ASSIGNMENT =>
In the records below, find the line containing "I PURCHASED THIS" and transcribe it and every line after it exactly; leave the pictures out.

(Source records)
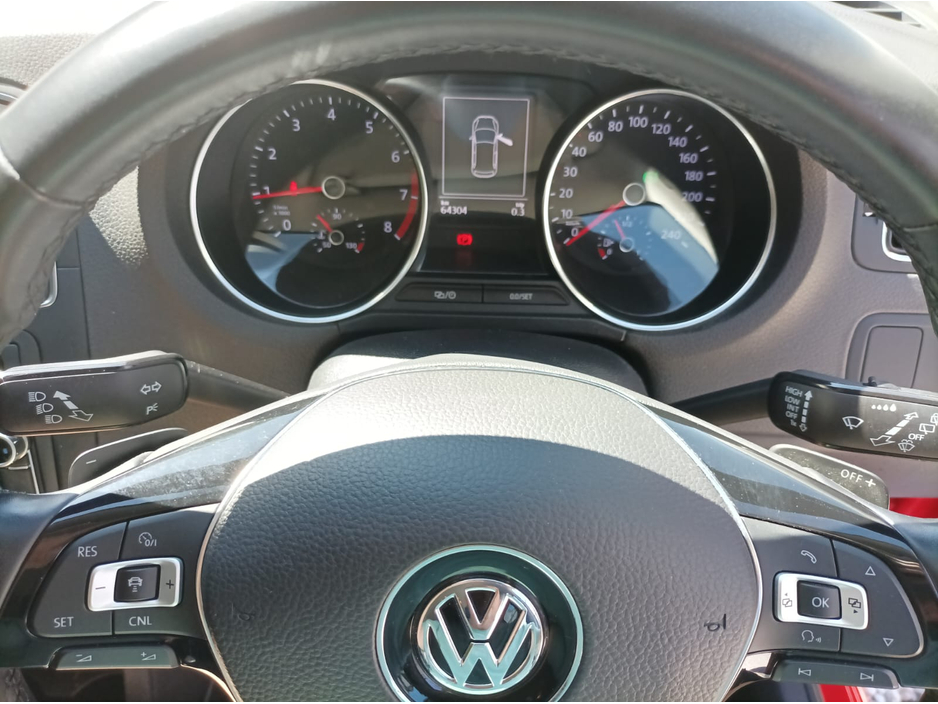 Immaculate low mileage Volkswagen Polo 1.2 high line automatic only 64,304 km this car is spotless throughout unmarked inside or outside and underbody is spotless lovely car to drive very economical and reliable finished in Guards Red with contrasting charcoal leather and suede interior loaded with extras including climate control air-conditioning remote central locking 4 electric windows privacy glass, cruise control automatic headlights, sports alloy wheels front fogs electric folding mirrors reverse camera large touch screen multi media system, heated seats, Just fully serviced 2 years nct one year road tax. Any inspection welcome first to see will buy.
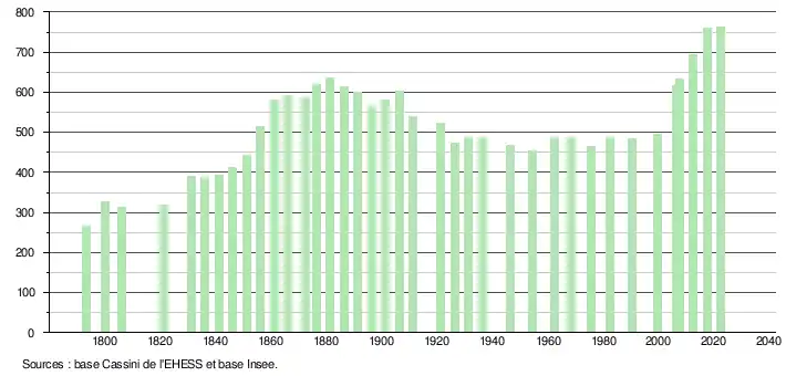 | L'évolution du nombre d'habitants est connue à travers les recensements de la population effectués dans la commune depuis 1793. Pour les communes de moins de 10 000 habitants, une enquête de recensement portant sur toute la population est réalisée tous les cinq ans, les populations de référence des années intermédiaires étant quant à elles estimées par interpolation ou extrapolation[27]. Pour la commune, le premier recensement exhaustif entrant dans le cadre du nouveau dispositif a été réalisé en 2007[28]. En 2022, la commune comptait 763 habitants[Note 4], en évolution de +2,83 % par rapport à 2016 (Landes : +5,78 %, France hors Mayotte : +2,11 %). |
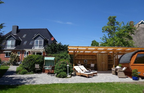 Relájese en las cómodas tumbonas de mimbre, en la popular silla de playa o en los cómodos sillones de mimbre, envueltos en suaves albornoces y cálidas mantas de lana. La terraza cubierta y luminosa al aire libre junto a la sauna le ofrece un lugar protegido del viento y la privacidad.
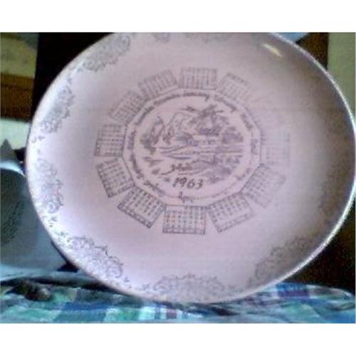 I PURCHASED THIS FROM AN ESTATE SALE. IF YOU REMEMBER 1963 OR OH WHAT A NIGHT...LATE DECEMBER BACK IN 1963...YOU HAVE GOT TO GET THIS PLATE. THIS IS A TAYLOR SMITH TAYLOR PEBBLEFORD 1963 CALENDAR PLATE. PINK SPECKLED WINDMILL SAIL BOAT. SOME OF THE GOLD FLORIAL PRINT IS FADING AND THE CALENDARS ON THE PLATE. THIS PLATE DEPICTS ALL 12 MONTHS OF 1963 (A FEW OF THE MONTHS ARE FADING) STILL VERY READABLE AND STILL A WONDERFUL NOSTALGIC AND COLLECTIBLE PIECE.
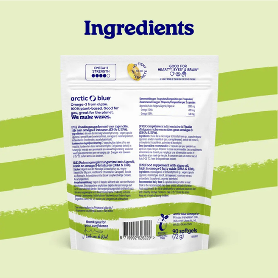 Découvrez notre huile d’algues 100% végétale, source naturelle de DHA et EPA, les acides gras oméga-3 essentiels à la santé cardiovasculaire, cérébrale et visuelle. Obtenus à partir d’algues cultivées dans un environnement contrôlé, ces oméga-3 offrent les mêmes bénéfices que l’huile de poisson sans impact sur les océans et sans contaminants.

SOLUTION TO THE EXERCISE =>
 I PURCHASED THIS FROM AN ESTATE SALE. IF YOU REMEMBER 1963 OR OH WHAT A NIGHT...LATE DECEMBER BACK IN 1963...YOU HAVE GOT TO GET THIS PLATE. THIS IS A TAYLOR SMITH TAYLOR PEBBLEFORD 1963 CALENDAR PLATE. PINK SPECKLED WINDMILL SAIL BOAT. SOME OF THE GOLD FLORIAL PRINT IS FADING AND THE CALENDARS ON THE PLATE. THIS PLATE DEPICTS ALL 12 MONTHS OF 1963 (A FEW OF THE MONTHS ARE FADING) STILL VERY READABLE AND STILL A WONDERFUL NOSTALGIC AND COLLECTIBLE PIECE.
 Découvrez notre huile d’algues 100% végétale, source naturelle de DHA et EPA, les acides gras oméga-3 essentiels à la santé cardiovasculaire, cérébrale et visuelle. Obtenus à partir d’algues cultivées dans un environnement contrôlé, ces oméga-3 offrent les mêmes bénéfices que l’huile de poisson sans impact sur les océans et sans contaminants.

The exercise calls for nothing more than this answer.